Dataset excerpts
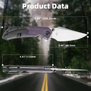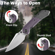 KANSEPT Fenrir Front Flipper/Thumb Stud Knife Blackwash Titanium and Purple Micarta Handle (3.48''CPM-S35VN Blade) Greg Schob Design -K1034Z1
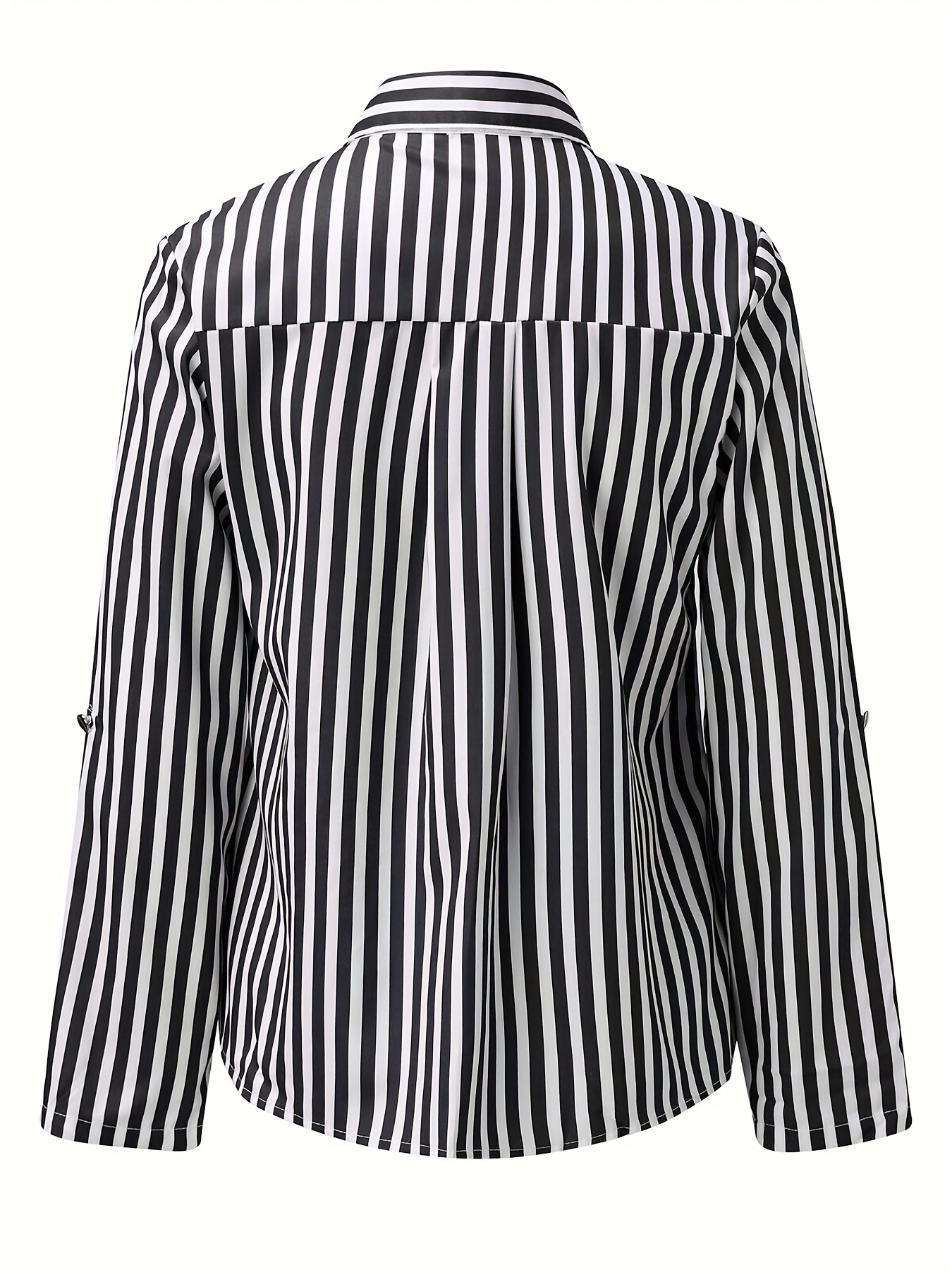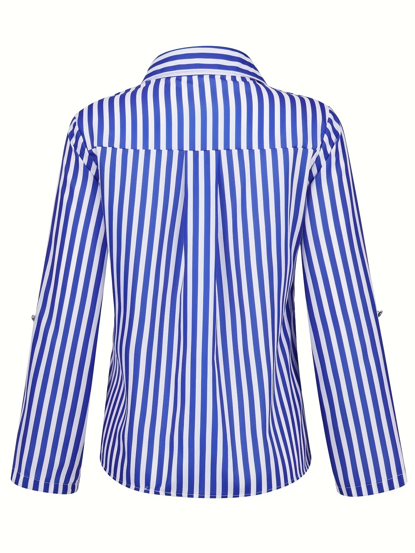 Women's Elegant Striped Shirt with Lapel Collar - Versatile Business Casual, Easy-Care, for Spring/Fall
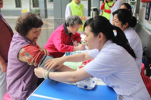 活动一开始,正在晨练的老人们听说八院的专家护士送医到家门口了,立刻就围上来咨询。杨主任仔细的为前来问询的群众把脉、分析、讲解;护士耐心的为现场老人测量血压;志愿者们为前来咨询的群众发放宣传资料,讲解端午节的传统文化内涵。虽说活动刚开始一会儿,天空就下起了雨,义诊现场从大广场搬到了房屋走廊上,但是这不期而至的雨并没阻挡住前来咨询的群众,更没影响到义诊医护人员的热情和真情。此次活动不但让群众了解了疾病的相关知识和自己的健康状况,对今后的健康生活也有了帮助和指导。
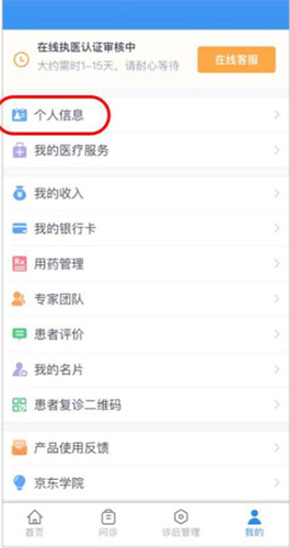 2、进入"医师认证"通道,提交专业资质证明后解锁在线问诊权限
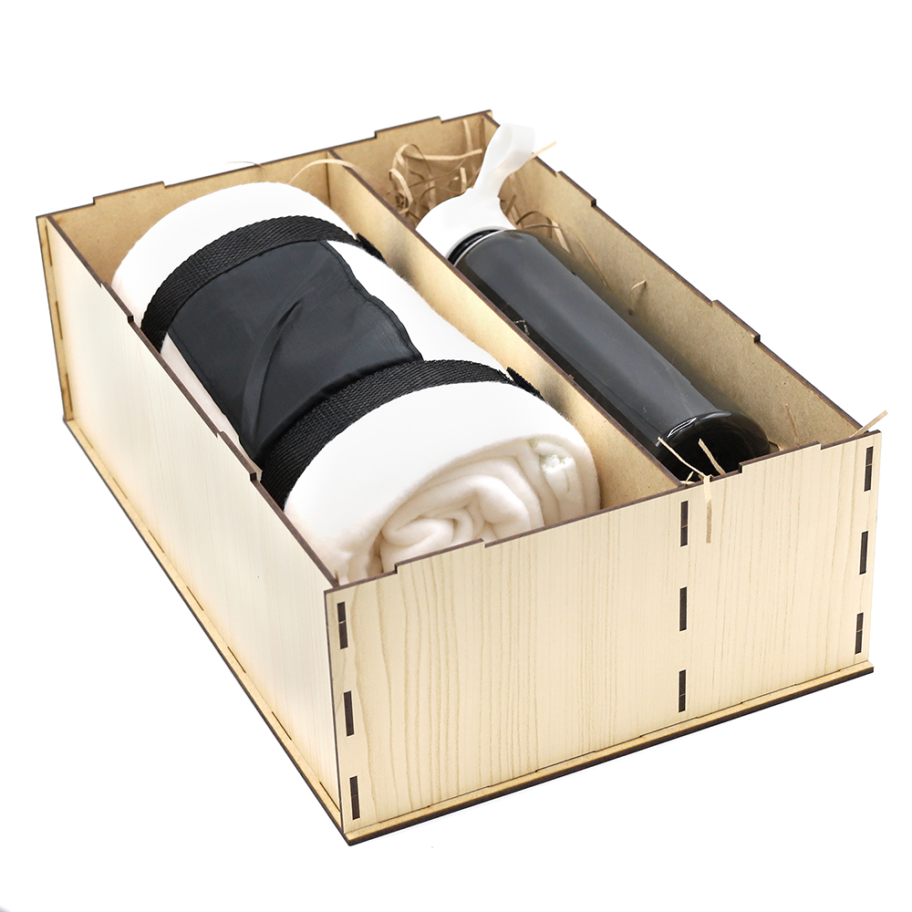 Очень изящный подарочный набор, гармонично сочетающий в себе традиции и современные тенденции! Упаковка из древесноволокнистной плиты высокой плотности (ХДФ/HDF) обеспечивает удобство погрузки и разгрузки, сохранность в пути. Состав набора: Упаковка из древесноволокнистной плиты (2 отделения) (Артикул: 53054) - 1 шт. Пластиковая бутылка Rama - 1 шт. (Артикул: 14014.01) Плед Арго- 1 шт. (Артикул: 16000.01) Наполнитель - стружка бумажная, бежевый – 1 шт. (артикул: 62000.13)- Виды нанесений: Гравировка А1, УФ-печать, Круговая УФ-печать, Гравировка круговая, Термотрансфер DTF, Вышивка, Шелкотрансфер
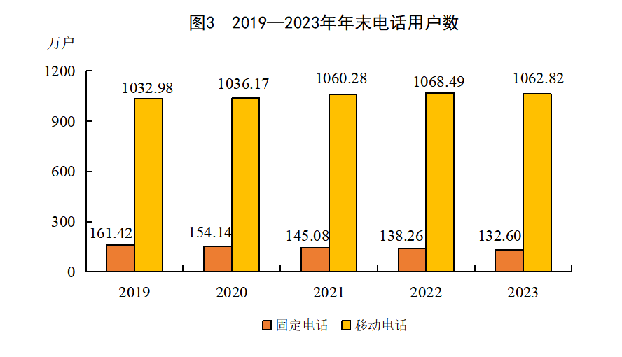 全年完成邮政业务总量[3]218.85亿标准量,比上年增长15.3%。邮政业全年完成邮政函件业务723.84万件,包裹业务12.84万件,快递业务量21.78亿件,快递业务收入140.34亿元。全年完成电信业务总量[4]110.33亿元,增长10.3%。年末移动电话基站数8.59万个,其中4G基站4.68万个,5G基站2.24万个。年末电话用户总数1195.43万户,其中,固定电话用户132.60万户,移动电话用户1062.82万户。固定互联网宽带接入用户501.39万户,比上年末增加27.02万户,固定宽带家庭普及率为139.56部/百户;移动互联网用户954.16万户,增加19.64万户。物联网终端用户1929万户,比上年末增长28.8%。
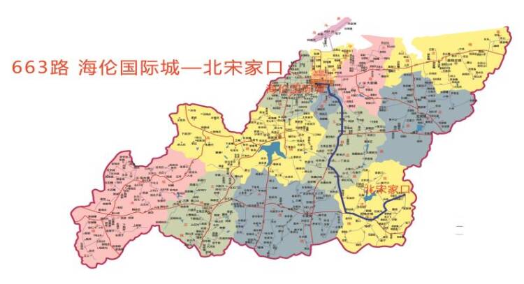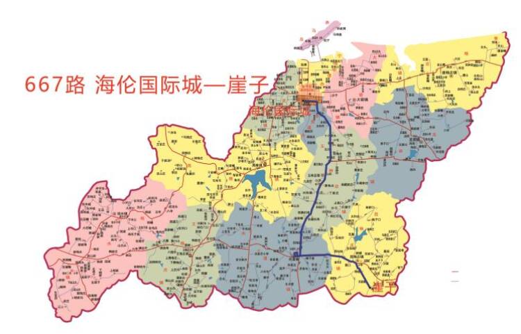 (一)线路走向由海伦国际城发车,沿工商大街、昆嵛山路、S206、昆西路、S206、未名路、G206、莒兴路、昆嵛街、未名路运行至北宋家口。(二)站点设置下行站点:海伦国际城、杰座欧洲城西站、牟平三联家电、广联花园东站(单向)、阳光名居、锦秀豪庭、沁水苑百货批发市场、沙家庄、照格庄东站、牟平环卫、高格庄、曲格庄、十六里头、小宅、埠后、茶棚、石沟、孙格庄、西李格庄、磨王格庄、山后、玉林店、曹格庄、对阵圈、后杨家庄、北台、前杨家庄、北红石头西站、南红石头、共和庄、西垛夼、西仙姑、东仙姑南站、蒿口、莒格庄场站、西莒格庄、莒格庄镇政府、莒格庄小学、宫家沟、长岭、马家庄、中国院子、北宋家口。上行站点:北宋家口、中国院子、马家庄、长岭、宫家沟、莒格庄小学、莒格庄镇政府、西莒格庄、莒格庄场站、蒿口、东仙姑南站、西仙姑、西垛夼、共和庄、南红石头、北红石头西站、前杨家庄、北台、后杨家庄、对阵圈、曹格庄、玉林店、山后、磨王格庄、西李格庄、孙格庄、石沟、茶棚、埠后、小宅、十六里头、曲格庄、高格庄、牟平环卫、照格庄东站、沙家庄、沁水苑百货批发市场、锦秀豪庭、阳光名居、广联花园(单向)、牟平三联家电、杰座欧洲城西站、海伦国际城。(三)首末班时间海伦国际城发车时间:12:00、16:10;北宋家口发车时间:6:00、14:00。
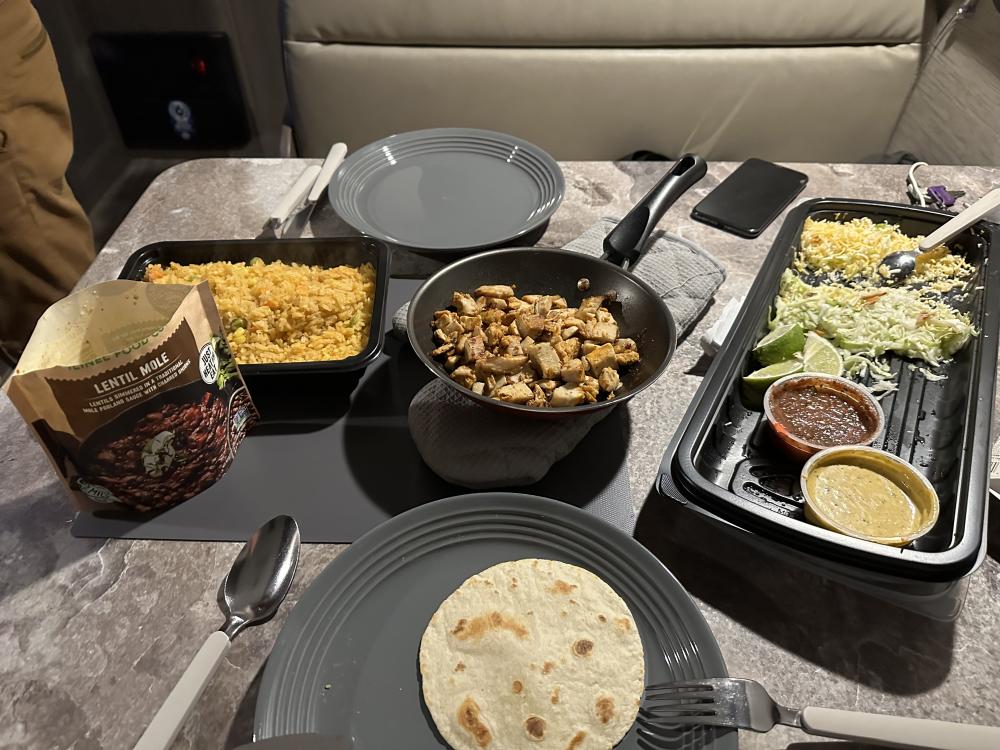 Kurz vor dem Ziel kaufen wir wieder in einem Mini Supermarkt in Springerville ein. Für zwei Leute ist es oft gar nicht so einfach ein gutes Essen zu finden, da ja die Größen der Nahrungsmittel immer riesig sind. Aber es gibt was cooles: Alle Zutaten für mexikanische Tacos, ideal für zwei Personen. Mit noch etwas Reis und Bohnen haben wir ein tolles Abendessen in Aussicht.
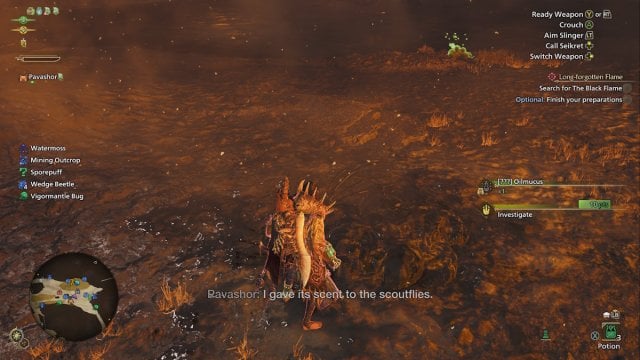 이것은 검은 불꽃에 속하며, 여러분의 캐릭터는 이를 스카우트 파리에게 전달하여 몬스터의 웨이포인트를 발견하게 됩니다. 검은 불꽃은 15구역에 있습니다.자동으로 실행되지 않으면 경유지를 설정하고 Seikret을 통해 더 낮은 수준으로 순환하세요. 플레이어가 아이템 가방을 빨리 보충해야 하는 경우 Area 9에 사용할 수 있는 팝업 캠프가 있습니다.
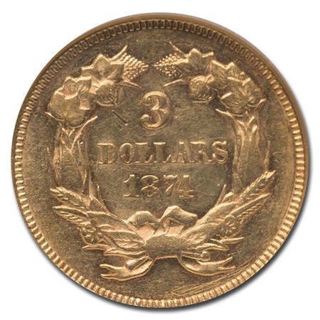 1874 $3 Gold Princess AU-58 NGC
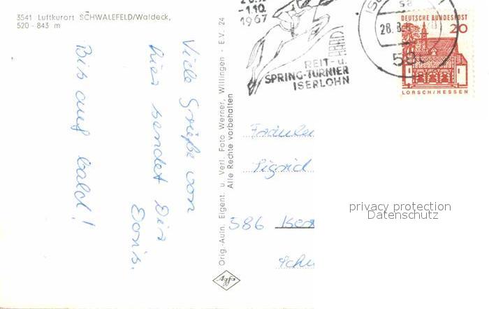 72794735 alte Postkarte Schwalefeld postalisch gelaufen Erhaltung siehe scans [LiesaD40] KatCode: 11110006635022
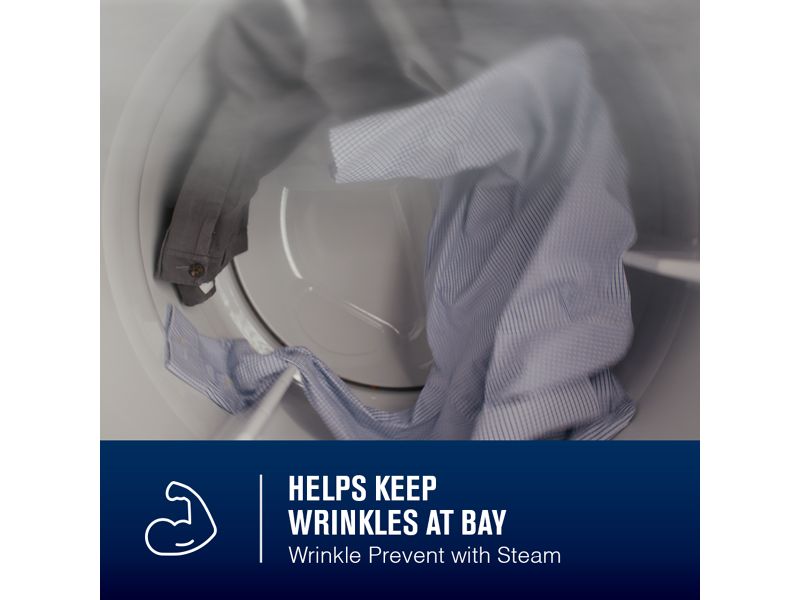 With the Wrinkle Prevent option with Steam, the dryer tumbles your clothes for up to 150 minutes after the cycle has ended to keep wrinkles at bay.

WORK ITEM
The response should hold only an exact retyping of the lines from the beginning of the data through the line containing "全年完成邮政业务总量[3]2", both ends kept, pictures omitted.

ANSWER AREA
 KANSEPT Fenrir Front Flipper/Thumb Stud Knife Blackwash Titanium and Purple Micarta Handle (3.48''CPM-S35VN Blade) Greg Schob Design -K1034Z1
 Women's Elegant Striped Shirt with Lapel Collar - Versatile Business Casual, Easy-Care, for Spring/Fall
 活动一开始,正在晨练的老人们听说八院的专家护士送医到家门口了,立刻就围上来咨询。杨主任仔细的为前来问询的群众把脉、分析、讲解;护士耐心的为现场老人测量血压;志愿者们为前来咨询的群众发放宣传资料,讲解端午节的传统文化内涵。虽说活动刚开始一会儿,天空就下起了雨,义诊现场从大广场搬到了房屋走廊上,但是这不期而至的雨并没阻挡住前来咨询的群众,更没影响到义诊医护人员的热情和真情。此次活动不但让群众了解了疾病的相关知识和自己的健康状况,对今后的健康生活也有了帮助和指导。
 2、进入"医师认证"通道,提交专业资质证明后解锁在线问诊权限
 Очень изящный подарочный набор, гармонично сочетающий в себе традиции и современные тенденции! Упаковка из древесноволокнистной плиты высокой плотности (ХДФ/HDF) обеспечивает удобство погрузки и разгрузки, сохранность в пути. Состав набора: Упаковка из древесноволокнистной плиты (2 отделения) (Артикул: 53054) - 1 шт. Пластиковая бутылка Rama - 1 шт. (Артикул: 14014.01) Плед Арго- 1 шт. (Артикул: 16000.01) Наполнитель - стружка бумажная, бежевый – 1 шт. (артикул: 62000.13)- Виды нанесений: Гравировка А1, УФ-печать, Круговая УФ-печать, Гравировка круговая, Термотрансфер DTF, Вышивка, Шелкотрансфер
 全年完成邮政业务总量[3]218.85亿标准量,比上年增长15.3%。邮政业全年完成邮政函件业务723.84万件,包裹业务12.84万件,快递业务量21.78亿件,快递业务收入140.34亿元。全年完成电信业务总量[4]110.33亿元,增长10.3%。年末移动电话基站数8.59万个,其中4G基站4.68万个,5G基站2.24万个。年末电话用户总数1195.43万户,其中,固定电话用户132.60万户,移动电话用户1062.82万户。固定互联网宽带接入用户501.39万户,比上年末增加27.02万户,固定宽带家庭普及率为139.56部/百户;移动互联网用户954.16万户,增加19.64万户。物联网终端用户1929万户,比上年末增长28.8%。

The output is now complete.